Embarrassed before my companion who has long teased me as "the quintessential New Yorker", I quickly remarked that the store might be two blocks farther up. So off we went. Still no Barneys.
"Perhaps it’s the other way down," I muttered as we switched gears and headed downtown. Still no Barneys.
In desperation, I dove into the nearest magazine store and pleaded for directions. "Yes, yes," said the Indian cashier, "It’s there between on 17th between 7th and 8th Avenue."
Against my better judgment, I decided to follow the guy’s firm instructions. A well-known store trading location from a prominent corner to a side street didn’t make sense.
Up and down the street we walked. There was nothing there except a firehouse, a high school and some nondescript storefronts. We barged into the school for help. "It’s right there, two doors down, the one with the green flags," said the lady principal who coolly stepped out to point the way there.
Lo and behold, the green flags fluttering above us indeed had microscopic letters saying "Barneys." Practically bare of merchandise, the place was all that remained of the store’s factory outlet. "We closed that old store a long time ago," volunteered one smart-looking salesgirl.
What she did not mention, I found out later, was that Barneys had gone bankrupt and was on some kind of terminal receivership. Sometime in the 1990s when it became New York’s hottest fashion emporium, the original store in the quiet neighborhood Michael and I and thousands of other New Yorkers knew so well was abandoned in favor of prime locations elsewhere. A few high-flying years later, the "new" Barneys lost so much money it came crashing to the ground.
And, of course, I had been blissfully oblivious of this earthshaking blip in Manhattan history.
The long and short of this failed expedition was I headed back to the apartment to sulk.

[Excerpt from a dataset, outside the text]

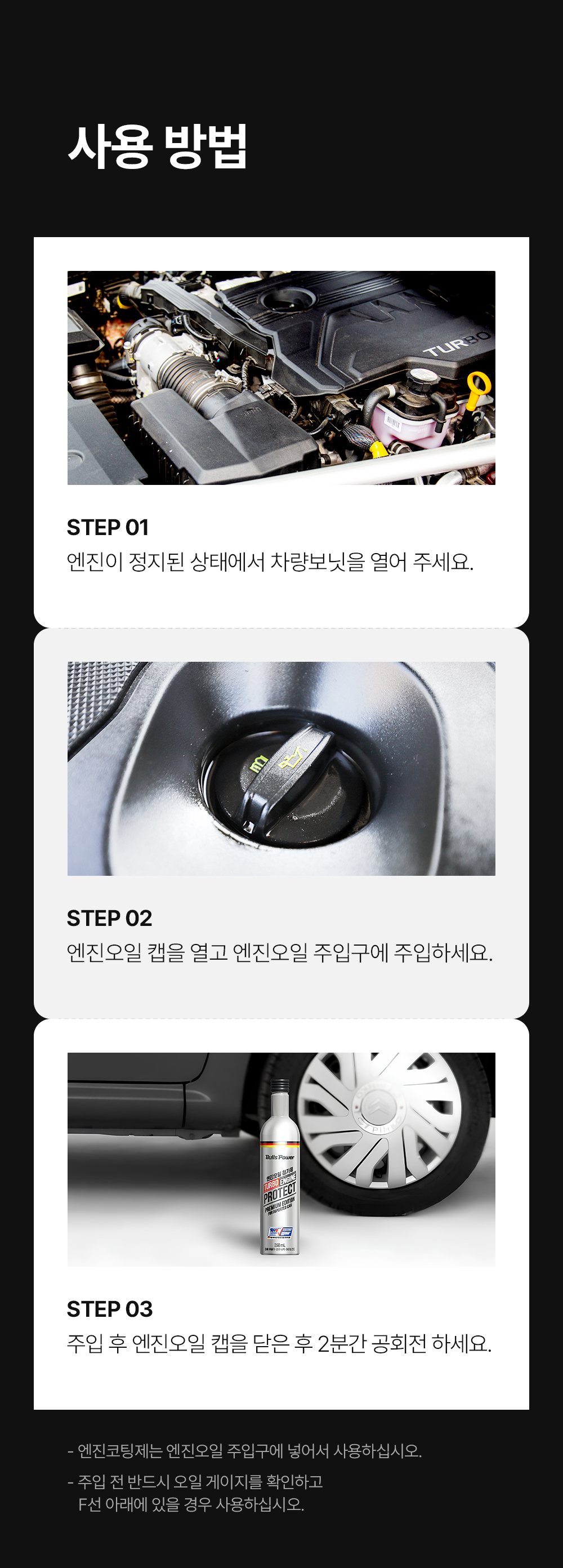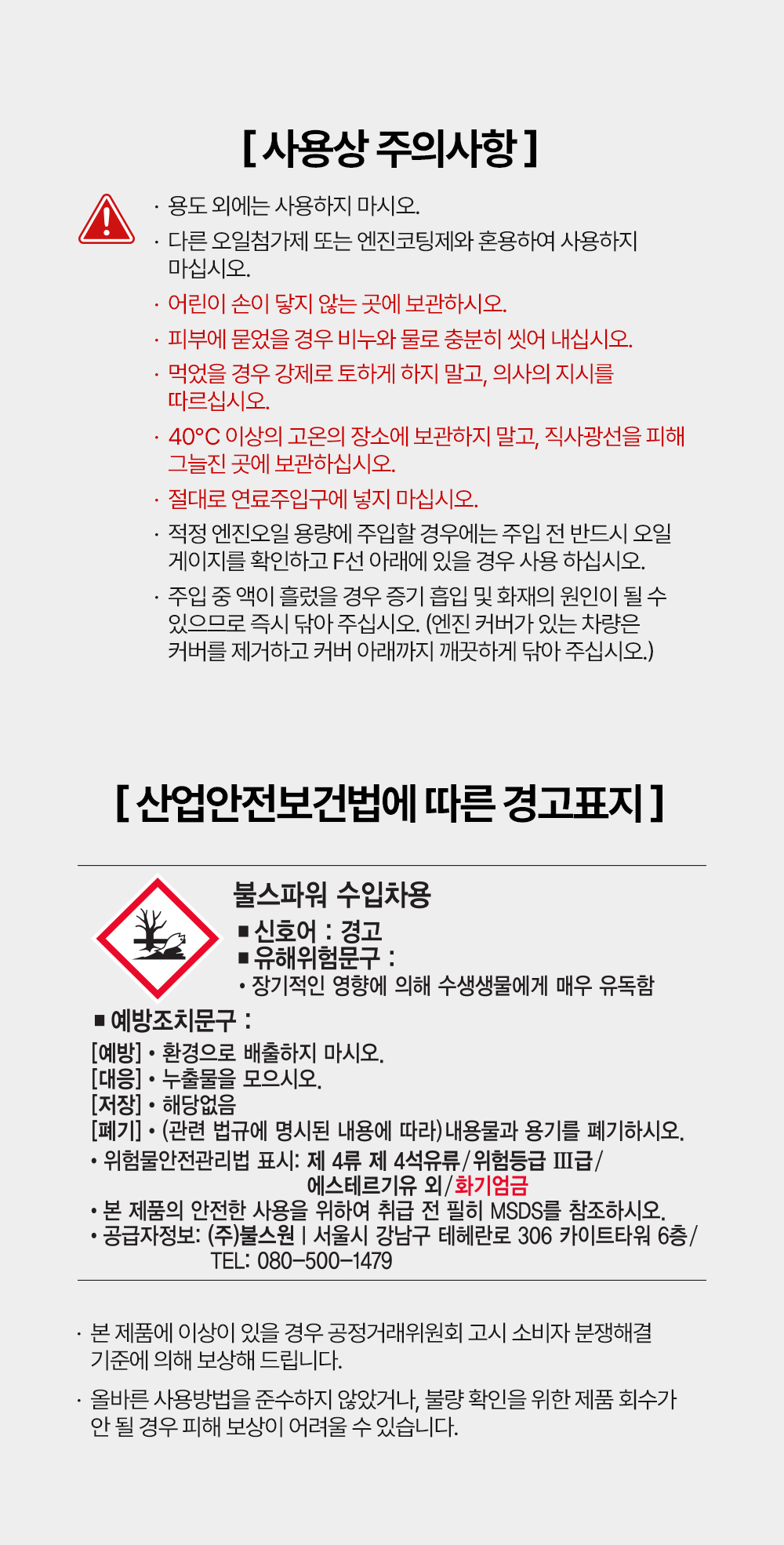 | 7. 적용차종 | [불스원샷] 경유차용(Diesel), 휘발유차용(Gasoline) [불스파워] 공용 (휘발유.경유.LPG.하이브리드) |

I never saw Michael.
If I was chastened by this experience, my friend was apoplectic. "I felt like a fool driving around and around that block." Michael told me over cocktails a few hours later at the party, both of us trying to look confident in our old ratty suits. "You’re excused because you live in Manila, but I feel terrible because I live in Queens, just across the East River."
"Precisely, Michael," purred this Pasay-born Manhattan chauvinist in fire-engine red who drifted by to make beso-beso. "If you live in Queens, you might as well be living in Leyte."